3. Use the chosen PCs to form a design matrix, and use that for the DE analysis on the genes. You will now have genes that are DE with respect to each PC, i.e., each CNV group.

This ensures that the dispersion is properly estimated, as all relevant aspects of CNV-induced systematic variation are modelled; and simplifies interpretation by considering groups of similar CNV regions corresponding to each PC. If you want DE that is specific to a single CNV region of interest, you can use all CNV regions except the one of interest to construct the PCs; create the design matrix with the PCs and the profile of the CNV region of interest; and test for the effect of the CNV term, treating the PCs as blocking factors. This has less power if your CNV regions are highly colinear, but the corresponding DE genes would be difficult to interpret in any case.

For your second question: you'll have to be more specific about the context in which these errors occur.
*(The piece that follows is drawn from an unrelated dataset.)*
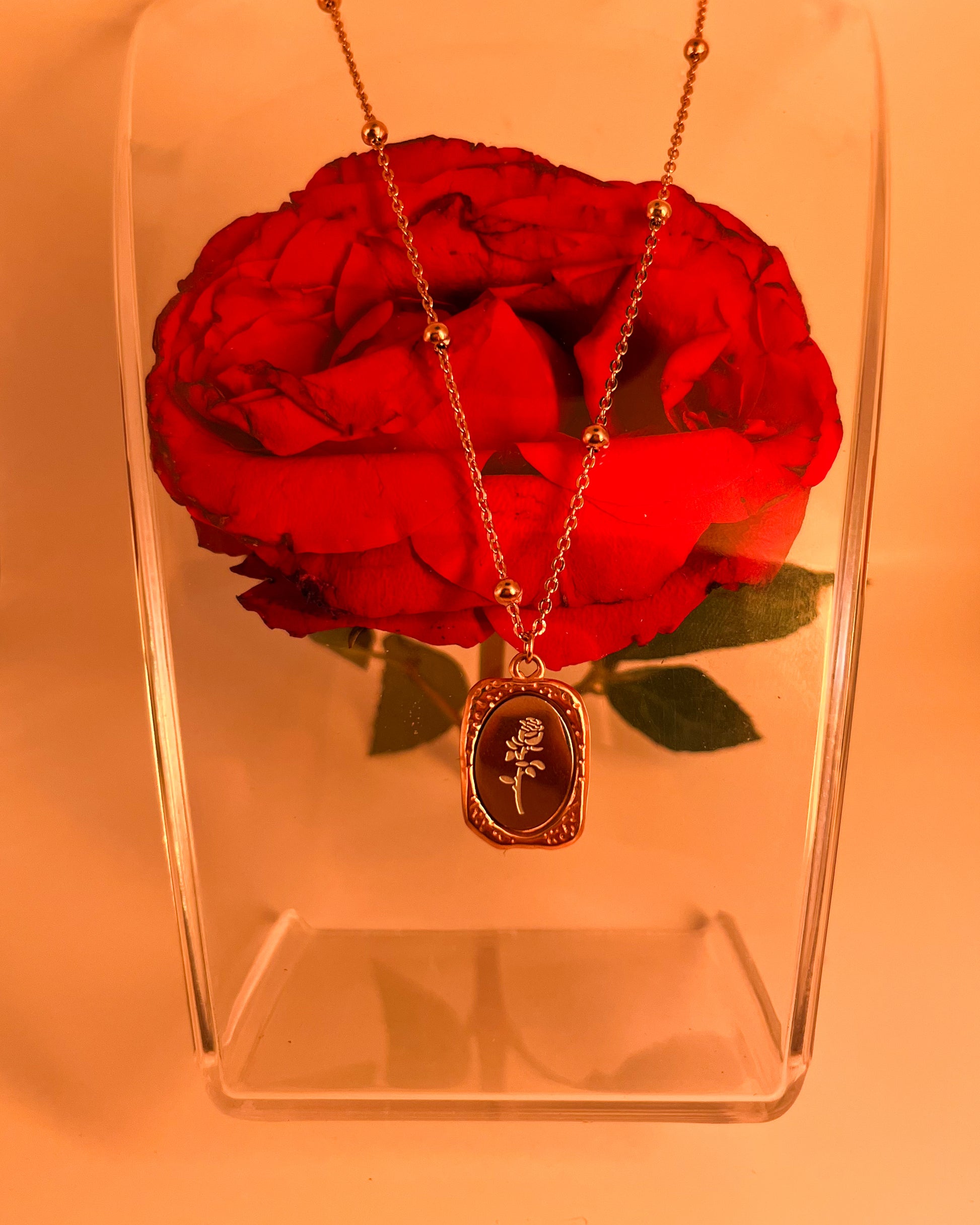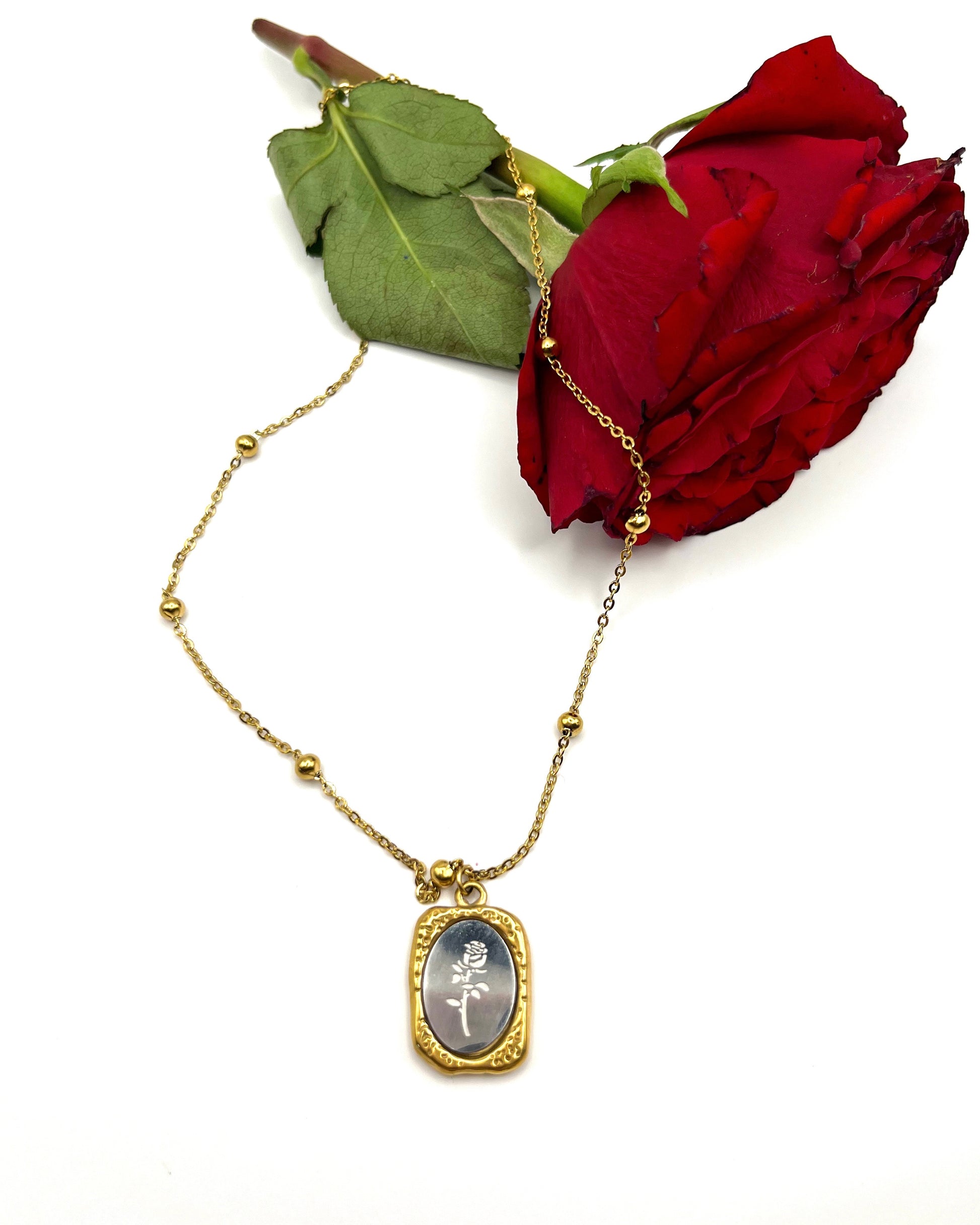 Le collier à pendentif doré Rosa est conçu en acier inoxydable plaqué or 18 carats, une matière résistante qui ne ternit pas et qui est hypoallergénique.

I'll guess that the first error is caused by some subsetting error in y[genes,]; these may have been present in previous releases, so make sure you're using the latest version of edgeR. The second error is probably caused by NAs from fitFDistRobustly, though this may be the correct behaviour rather than a bug, e.g., if you have too few genes in a region for any distribution fitting.

Thanks a lot for this comprehensive answer and these great suggestions.
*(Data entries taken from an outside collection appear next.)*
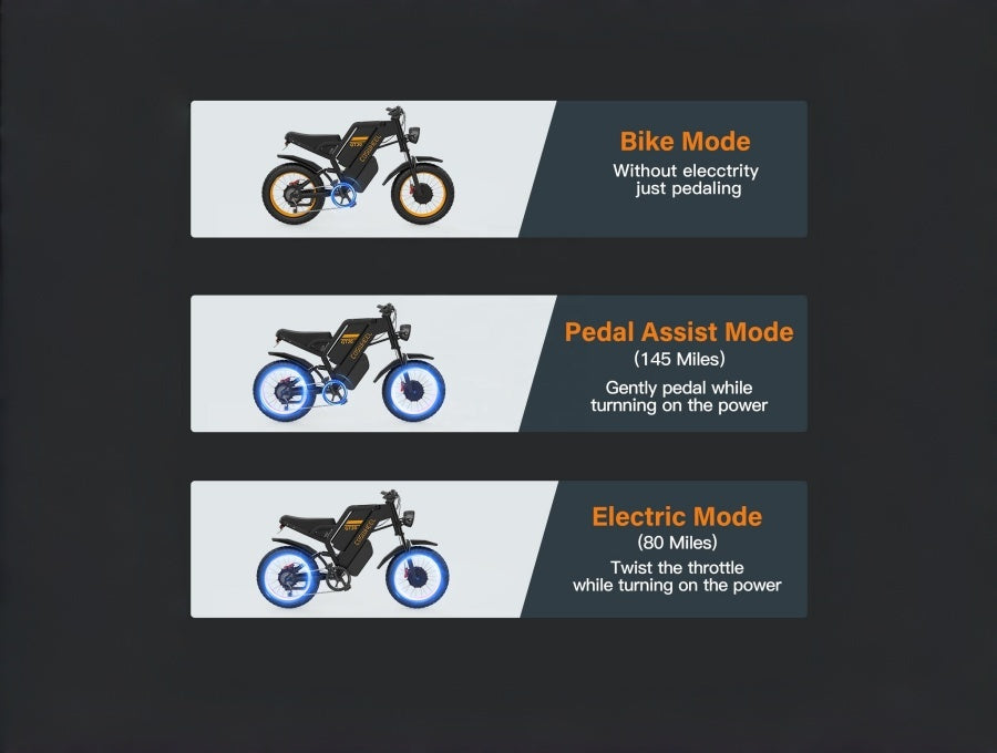 - Off-road/mountain e-bikes: Feature fat tires (4.0-inch width), front/rear hydraulic disc brakes, and full suspension (120-150mm travel), capable of tackling steep slopes (≤25°), rocky trails, and muddy terrain.Check the "Terrain Compatibility" section on each product page for details.
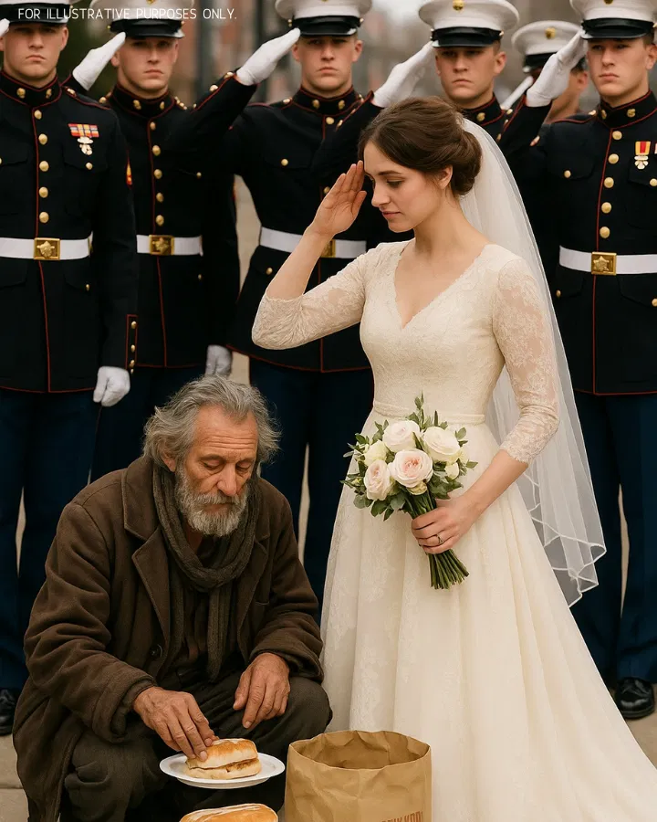 For 6 years, a young baker left warm food for a quiet homeless man—never asking his name! On her wedding day, 12 Marines arrived in full uniform… and something unexpected happened
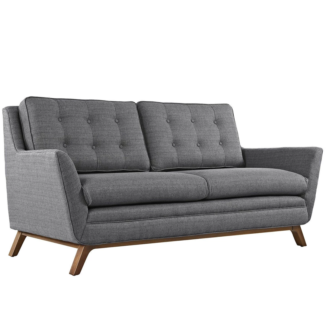 Dominate your décor with the expertly designed Beguile Collection. Exquisitely crafted with gently sloping arms, comfortable plush seat cushions, and adeptly tufted back cushion buttons, Beguile is a delightful collection that reinvents mid-century style. Outfitted with a solid wood walnut-stained base and fine fabric, Beguile comes perfect for living room, lounge and meeting areas.
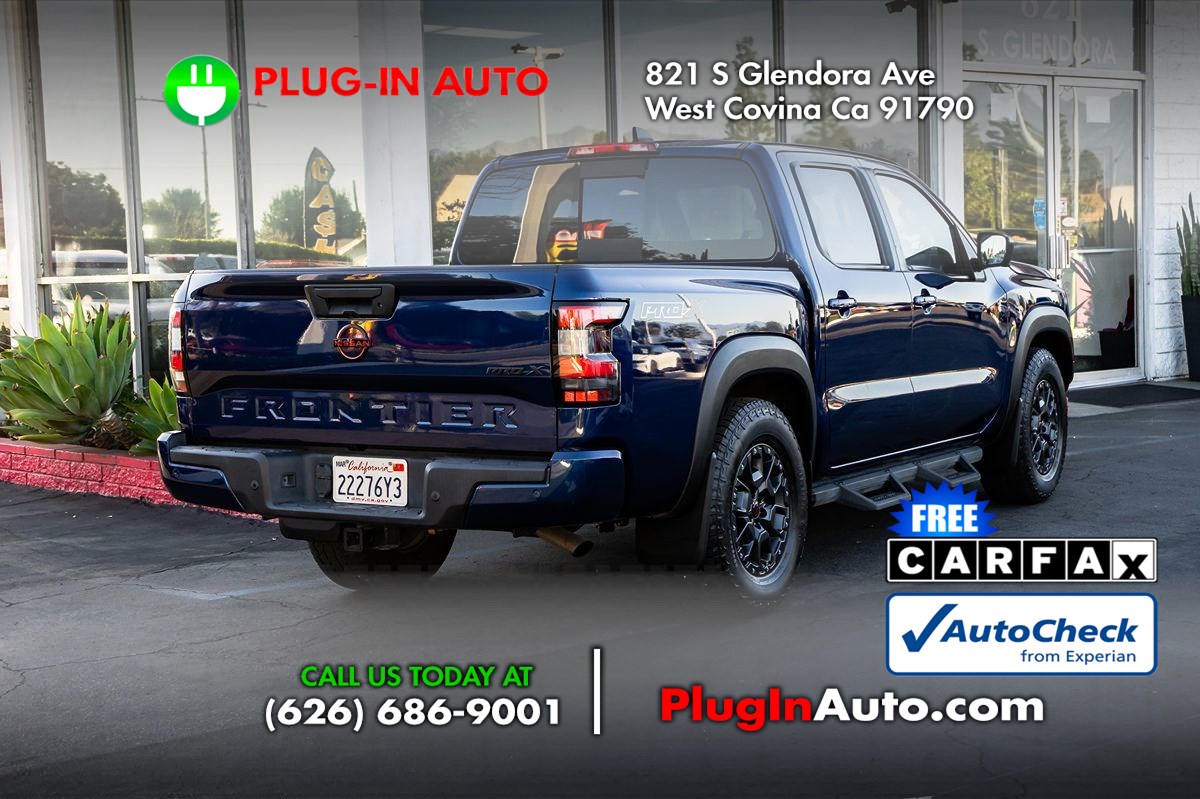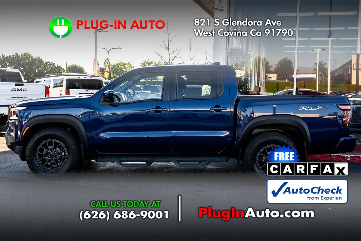 The Carfax 1-Owner 2023 Nissan Frontier Crew Cab 4x2 PRO-X Auto offers an impressive blend of utility and style, making it an ideal choice for both work and play. Dressed in an eye-catching Deep Blue Pearl exterior, this truck is sure to turn heads on the road. Inside, the Charcoal w/Lava Red interior provides a bold yet sophisticated look, combining comfort and functionality for a premium driving experience. Under the hood, the 3.8L 6-cylinder engine ensures potent performance and smooth handling, allowing you to tackle daily commutes or weekend adventures with ease. This Frontier is further enhanced by the [p02] PRO-X Premium Package that includes a range of upgrades designed to elevate your driving experience. The [k02] PRO Convenience Package adds practical elements for everyday functionality, ensuring both driver and passengers enjoy superior comfort and convenience. The [v02] Technology Package equips the vehicle with advanced tech features to keep you connected and secure on the move. Off-road style step rails [f93] lend a rugged look while providing easier access to the cabin. For added security, the [f96] Electronic Tailgate Lock ensures your cargo stays safe. In the Nissan Frontier Crew Cab 4x2 PRO-X Auto, adventure awaits at every turn, blending remarkable style with exceptional performance.
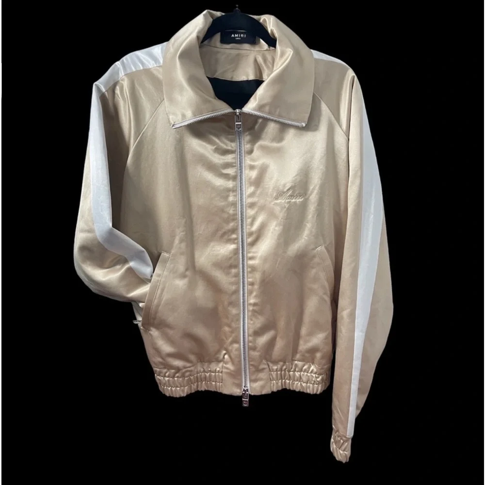 AMIRI track jacket in tan/white. 2 exterior zipper pockets, 1 interior zipper pocket. EUC. Size large.
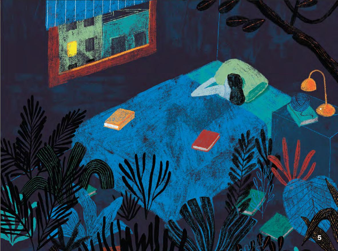 A sensibilidade da arte de Juan Palomino também ajuda a reforçar essa relação de amor da professora pelos livros, quando ela é retratada dormindo, antes de partir para a floresta, com livros espalhados sobre a cama e pelo quarto.

Although there are scenarios where a CNV can affect gene expression on a genome-wide

scale (eg by modulating the expression of a coinciding transcription factor, which

in turn regulates distal genes), you rarely have the power to detect that in an

all-CNVs-against-all-genes setting - given the multiple testing problem that you

are running into.

I like your PCA-approach as it not only simplifies interpretation but also

greatly reduces the number of tests that you conduct.
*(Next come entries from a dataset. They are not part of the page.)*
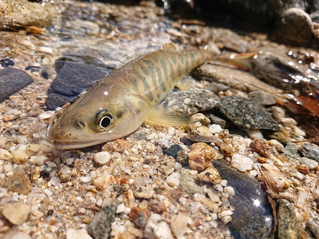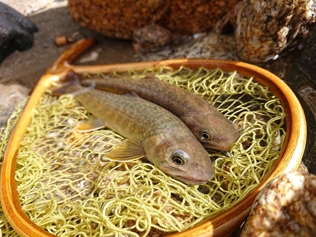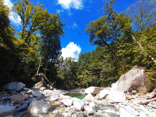 途中、魚影が薄いエリアがありましたが、崩落地をいくつか超えるとプールでユラユラ泳ぐイワナ達を発見(喜) |
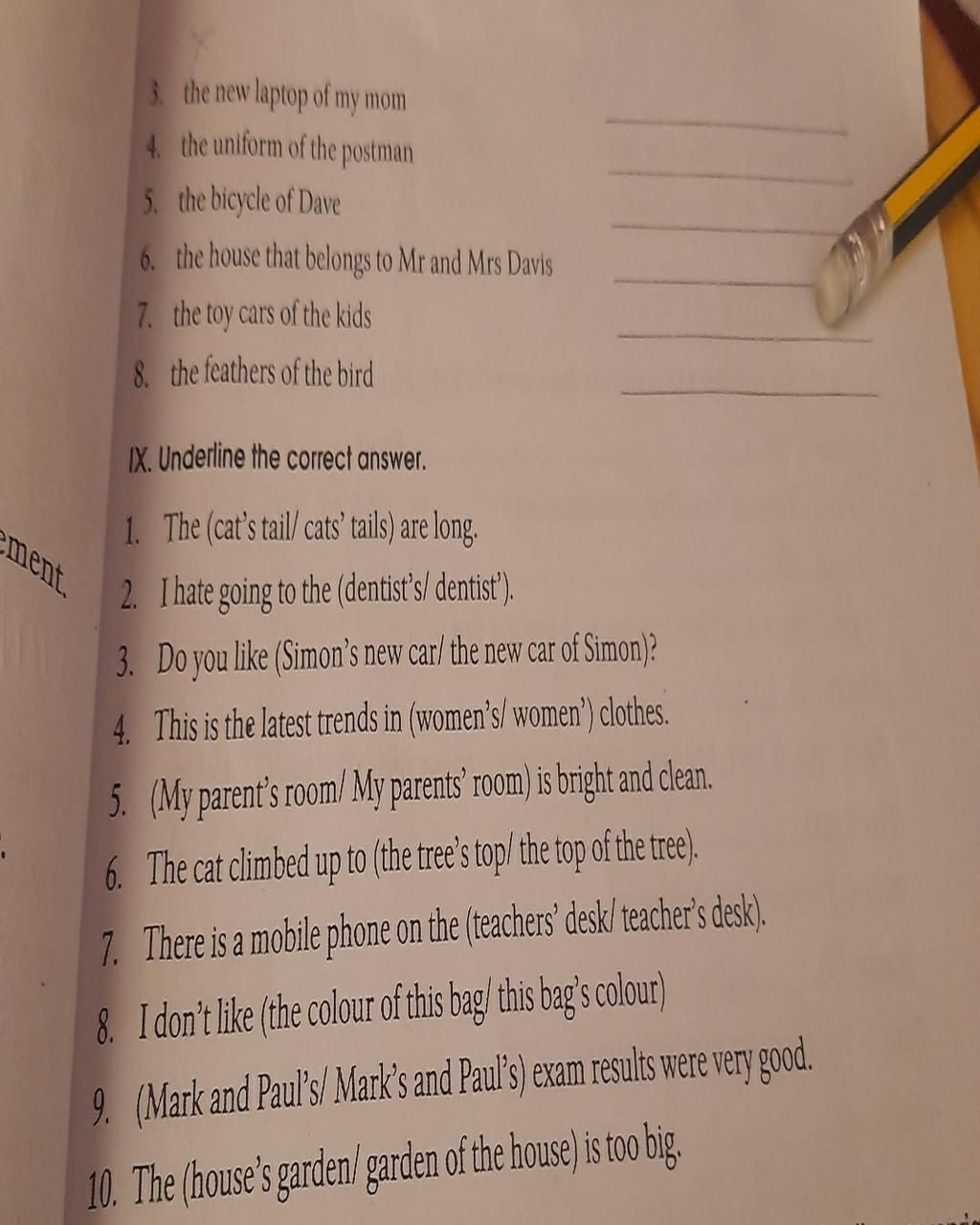 IX. Underline the correct answer.
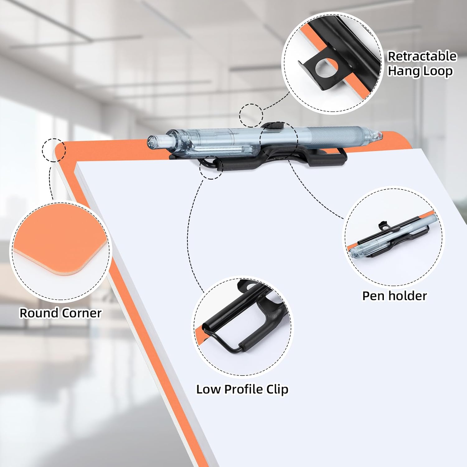 Clipboard with Pen Holder, Plastic Clipboard with Low Profile Metal Clip, Hanging Clipboards Holds 8.5x11 Inch Papers, Standard A4 Letter Size Clip Board for Office & School, Orange
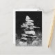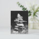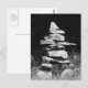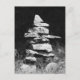 Une photo en noir et blanc frappante d'un inukshuk rocheux, utilisé comme marqueur directionnel dans les temps historiques mais maintenant couramment vu sur les bords de route et dans les parcs.

However, my question is more going towards testing each CNV in isolation for effects

on genes within the respective CNV region or close-by (dosage and neighborhood effects), given the clear spatial indication that you have here.

As such, I'm wondering which part of the edgeR pipeline to carry out on the global

scale and which part anew for each cnv and associated subset of proximal genes

(which might come down to testing just a single gene for one CNV at a time).

More general, my question is: I have my RNA-seq transcriptomic measurements, but

I'm only interested in testing a subset of genes, or even just a single one, in

a particular constellation of my sample groups.

Obviously, calcNormFactors needs to be calculated on the complete expression

matrix, and just once.

For estimateDisp apparently for each CNV anew - or at least for each CNV group

as determined with your PCA approach - but again over the complete expression matrix.

Likewise for glmQLFit.

I would then subset the fit to the genes of interest (genes in the vicinity of the cnv under study)

and carry out glmQLFTest on this cnv-specific subset of genes.

Does this sound about right? Many thanks!